Nagranie nowej wersji piosenki „Moja i twoja nadzieja” Źródło: TVP / Natasza Młudzik
Najwięksi polscy artyści – w hołdzie powodzianom – nagrali nową wersję utworu „Moja i Twoja nadzieja” w ramach akcji Telewizji Polskiej #RazemDlaWas. W 1997 roku piosenka stała się hymnem tzw. Powodzi Tysiąclecia. Czy kompozycja w tegorocznej odsłonie stanie się równie popularna? –Akcja super, wielu wspaniałych artystów, ale młodzi odbiorcy trochę zostali pominięci – komentuje w rozmowie z „Wprost” znany dziennikarz, DJ i producent muzyczny Hirek Wrona.

Pierwotna wersja utworu autorstwa Katarzyny Nosowskiej i Piotra Badacha weszła do kanonu muzyki popularnej, ale – jak przypomina Hirek Wrona – doczekała się też innych wersji. – Polecam wersję w wykonaniu bieszczadzkich artystów. Jest niezwykle emocjonalna, przejmująca i również spełnia swoją rolę, zbiera pieniądze dla ofiar powodzi – mówi „Wprost” dziennikarz.

Pytany o to, czy utwór, który powstał w ramach akcji TVP, ma szanse poruszyć nowe pokolenia Polaków, którzy nie pamiętają powodzi z 1997 roku, odparł:

– Myślę, że ta wersja jest skierowana do odbiorców powyżej 35 lat. Zabrakło elementu, który zainteresowałby nastolatków.

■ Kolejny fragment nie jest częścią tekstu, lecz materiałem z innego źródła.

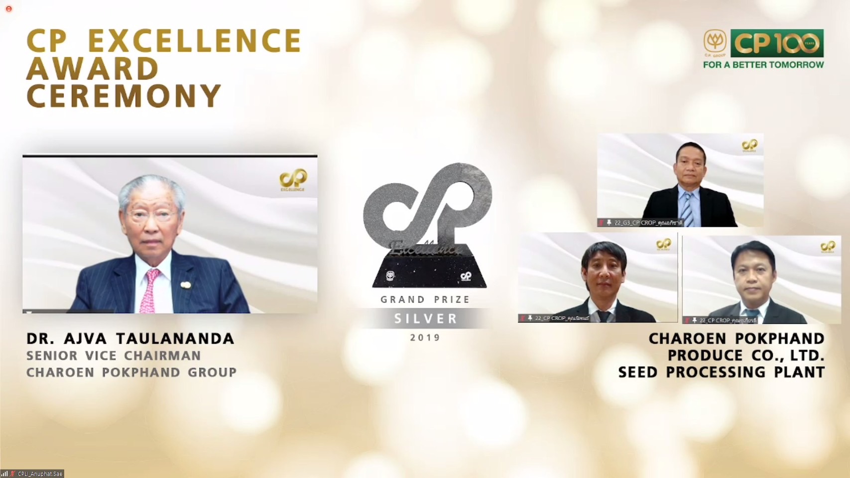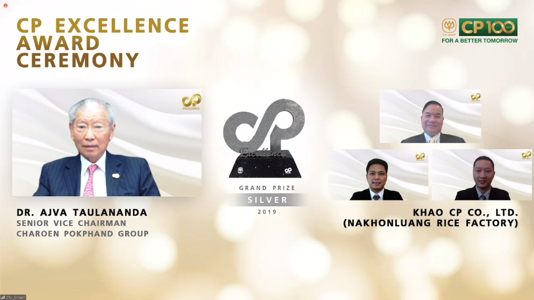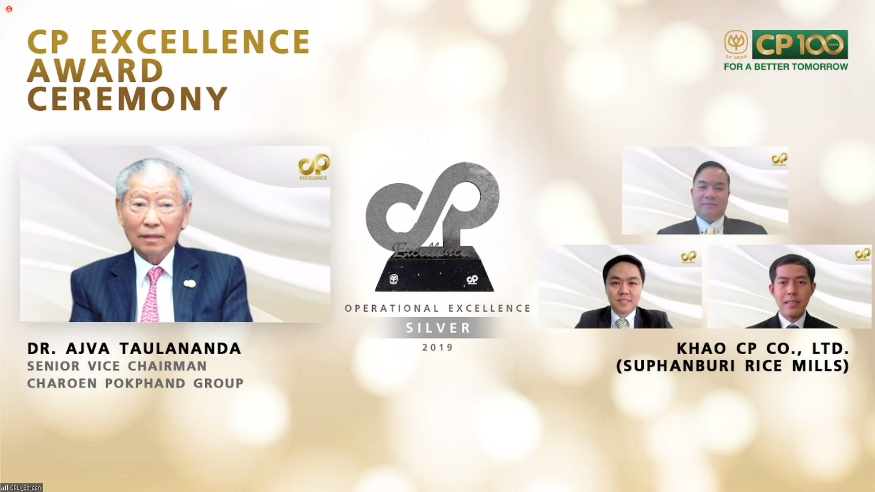 โดยกลุ่มธุรกิจที่ได้รับตรวจประเมินประจำปี 62 :จำนวน 26 กลุ่มธุรกิจ และปี 63 อีก16 กลุ่มธุรกิจ รวม 42 กลุ่มธุรกิจ ทั้งในไทยและจีน ในครั้งนี้ CP Crop และ CPI คว้า 3 รางวัล โดยมีคุณอภิชาติ อินทร์ชูพงษ์ รองกรรมการบริหาร ธุรกิจพืชครบวงจร, คุณธรรมวิทย์ ศรีเกริกกริช รองกรรมการผู้จัดการอาวุโสด้านผลิตและวิศวกรรม ธุรกิจข้าว, คุณนิพนธ์ กสิพร้อง ผู้ช่วยกรรมการผู้จัดการ ธุรกิจปรับสภาพเมล็ดพันธ์ พร้อมด้วย คุณสมควร เมธสาร ผู้จัดการทั่วไป โรงงานข้าวนครหลวง, คุณชัยวัฒน์ สุภาวิมล ผู้จัดการทั่วไป โรงสีข้าวสุพรรณบุรี และคุณชูเกียรติ คำอ้าย ผู้จัดการทั่วไป โรงงานปรับสภาพเมล็ดพันธุ์ ซ.12 ร่วมรับมอบ
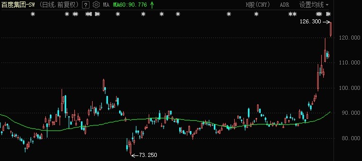 科技股中,百度集团-SW(09888.HK)大涨11%,蔚来-SW(09866.HK)上涨8%,京东集团-SW(09618.HK)上涨5%。
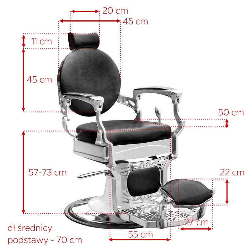 Als uw salon baardverzorging biedt, kunnen wij het perfecte meubel voor uw kapperszaak aanbieden. De barberstoel President. Een comfortabele fauteuil met een breed scala aan aanpassingen zorgt voor maximaal comfort voor zowel de persoon die de behandeling uitvoert als de klant. We kunnen niet alleen de hoogte van de fauteuil instellen. We kunnen ook de helling van de rugleuning gemakkelijk aanpassen. En zelfs de voetsteun en de lengte van de bedsteun. De Barberstoel President beschikt niet alleen over comfort en gemak, maar ook een uiterst stijlvol ontwerp. Deze barberstoel past perfect in een interieur dat old-school is ingericht. Perfect afgewerkt. Zelfs de kleinste details worden met grote precisie gemaakt. Mooie bekleding met originele textuur. Hoogwaardig eco-leer, slijtvast en gemakkelijk om voor te zorgen. Een zwaar gietijzeren onderstel geeft het meubel een perfecte stabiliteit, zelfs onder zware belasting.
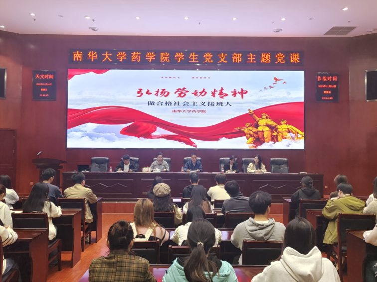 大家首先来到基地国防动员会议室,在这里举行开展主题党课暨“新党员入党宣誓、老党员重温誓词”活动。“成就一番事业要有远大志向,但光有远大志向还不够,还要勤奋”,袁中华以“弘扬劳动精神,做合格社会主义接班人”为题,为同学们带来了一堂别开生面的党课。他强调,勤劳,是中华民族的优秀传统文化、是中国共产党人前进路上的力量源泉、是我辈青年应当传承和弘扬的伟大民族精神。袁中华希望同学们树立“以劳养德,以劳修身,以劳育人”的价值取向,“劳动光荣”不仅仅是一个口号,更要去实践。随后,院党委副书记陈健平同志带领新老党员面对党旗,庄严宣誓。
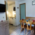 The apartment, situated on the third floor of the Val Blanc I residence, is thoughtfully designed to maximize comfort and functionality. The cozy living room, complete with a kitchenette and dishwasher, opens onto a spacious balcony where you can unwind and soak in the mountain air. The sleeping arrangements include a small bedroom with a double bed, a separate sleeping alcove with bunk beds, and an additional sofa bed in the living room, making it ideal for families or small groups. A bathroom, separate toilet, and a ski locker add to the convenience, while the building’s elevator ensures easy access.
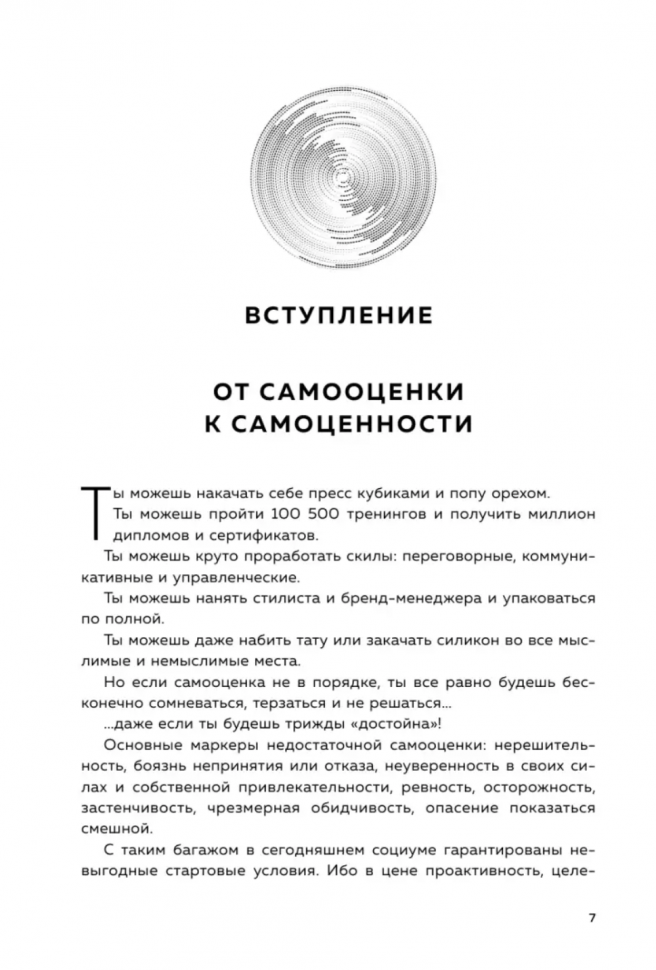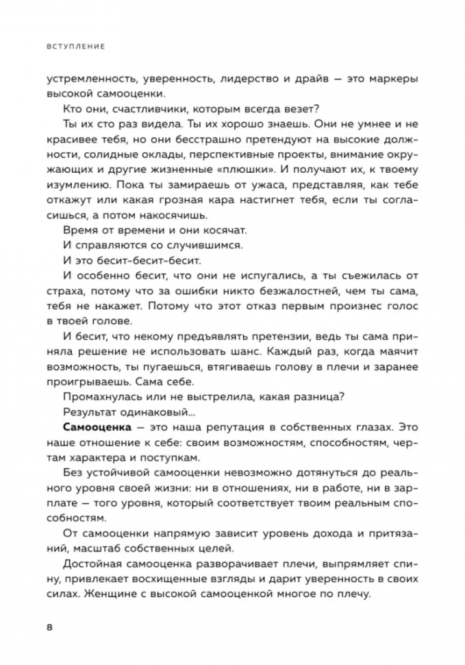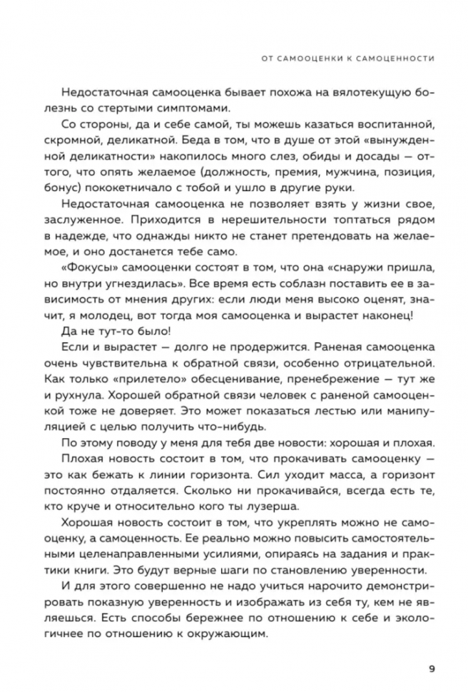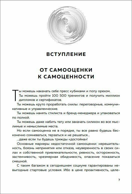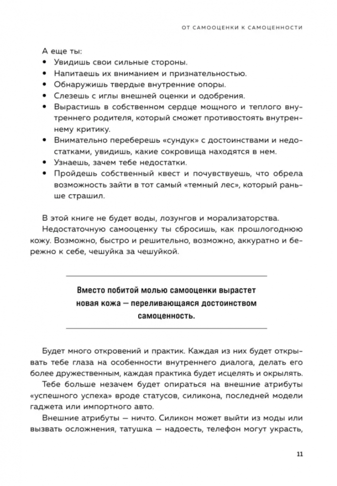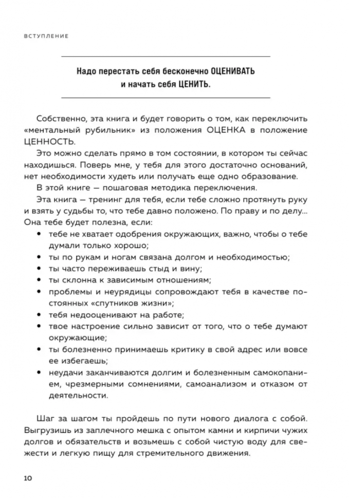 Мне очень понравилось, я зачиталась и забыла обо всем. Всегда веря в то, что самооценка важнее всего, я правда забыла о самоценности, о которой и говорит автор - Елена Рисберг. Эти две вещи, самооценка и самоценность, очень важны и прокачивать надо два этих фактора. Мне нравится, что Елена рассказывала и о своей жизни, показывала примеры, очень много примеров разных ситуаций и разбирала их досконально.

– Po pierwsze, głównie będą go grać stacje radiowe, które nie są w kręgu zainteresowania młodych ludzi. Być może tę piosenkę podsuną im serwisy streamingowe, ale żeby utwór był dobrze pozycjonowany, musi spełniać określone parametry. Można było więc remix utworu np. na bicie elektronicznym, rapowym. I to już zupełnie inaczej byłoby pozycjonowane. Reasumując: Akcja super, wszystko się zgadza, wielu wspaniałych artystów, ale młodzi odbiorcy trochę zostali pominięci – uważa Hirek Wrona.